◆ What is being asked
Leave out any pictures and transcribe all other data below exactly.

◆ Recorded data
● ● ●

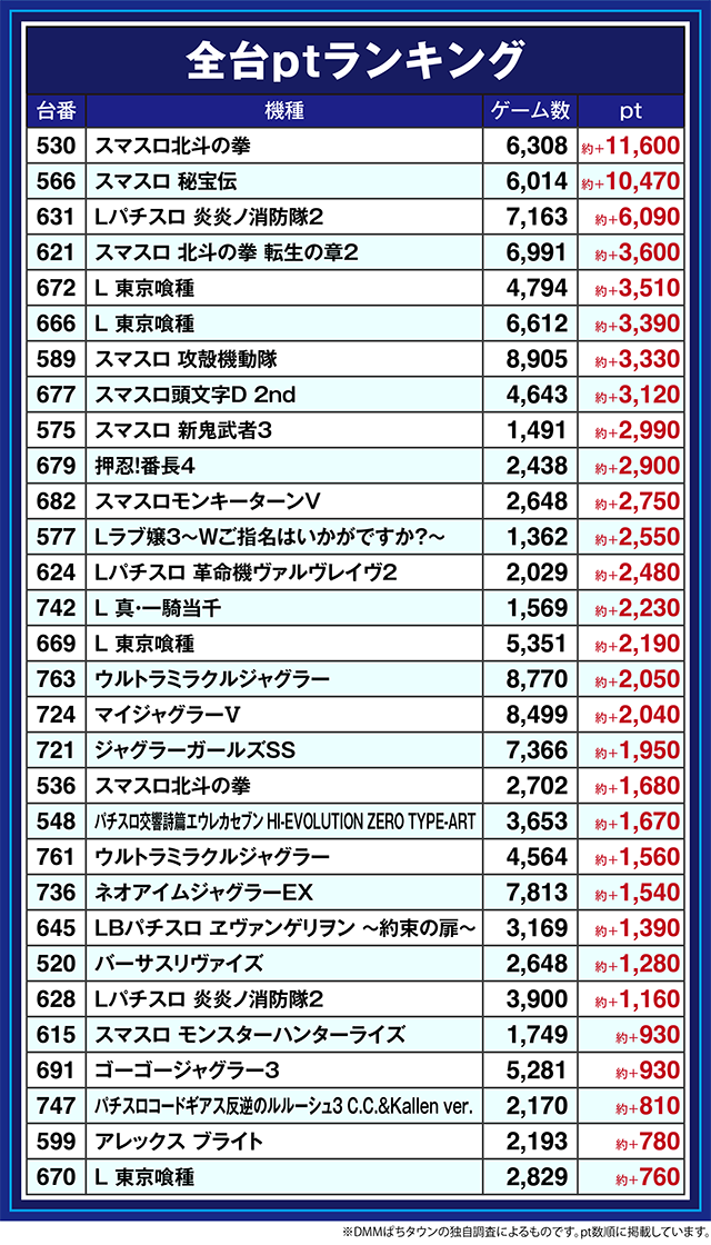 ほかにも、「スマスロ 北斗の拳 転生の章2」の621番台や「L 東京喰種」の672番台など、多くの台が約+3,000ptを上回った。
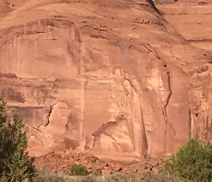 We spotted a nativity scene sculpted in desert rock (Mary kneeling on the left, the manger with the baby in the center, Joseph on the right bending over to look at the baby, a shepherd behind him to his left and a angel with towering wings to his right)
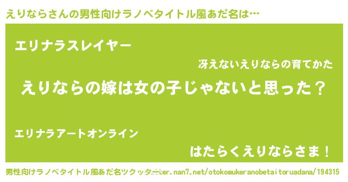 | 女子向けラノベタイトル風あだ名 | 『えりならの卵を拾いまして』 |
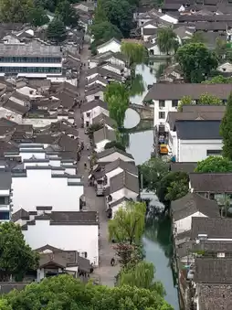 It seems to be a Jiangnan water town forgotten by Shaoxing, with buildings densely packed as seen from Feiyi Building Mountain, resembling a real-life 'Hundred Views of Jiangnan.'
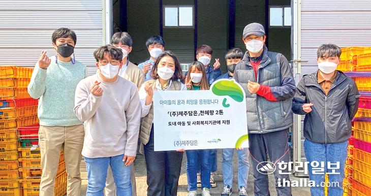 초록우산어린이재단 제주지역본부(본부장 박정숙)은 지난 7일 제주시 애월읍 소재 청정제주먹거리 유통판매 주식회사 제주담은(대표 정민) 후원으로 도내 아동 및 사회복지기관 22곳에 천혜향 2t을 지원했다.

● ● ●

◆ The answer
 ほかにも、「スマスロ 北斗の拳 転生の章2」の621番台や「L 東京喰種」の672番台など、多くの台が約+3,000ptを上回った。
 We spotted a nativity scene sculpted in desert rock (Mary kneeling on the left, the manger with the baby in the center, Joseph on the right bending over to look at the baby, a shepherd behind him to his left and a angel with towering wings to his right)
 | 女子向けラノベタイトル風あだ名 | 『えりならの卵を拾いまして』 |
 It seems to be a Jiangnan water town forgotten by Shaoxing, with buildings densely packed as seen from Feiyi Building Mountain, resembling a real-life 'Hundred Views of Jiangnan.'
 초록우산어린이재단 제주지역본부(본부장 박정숙)은 지난 7일 제주시 애월읍 소재 청정제주먹거리 유통판매 주식회사 제주담은(대표 정민) 후원으로 도내 아동 및 사회복지기관 22곳에 천혜향 2t을 지원했다.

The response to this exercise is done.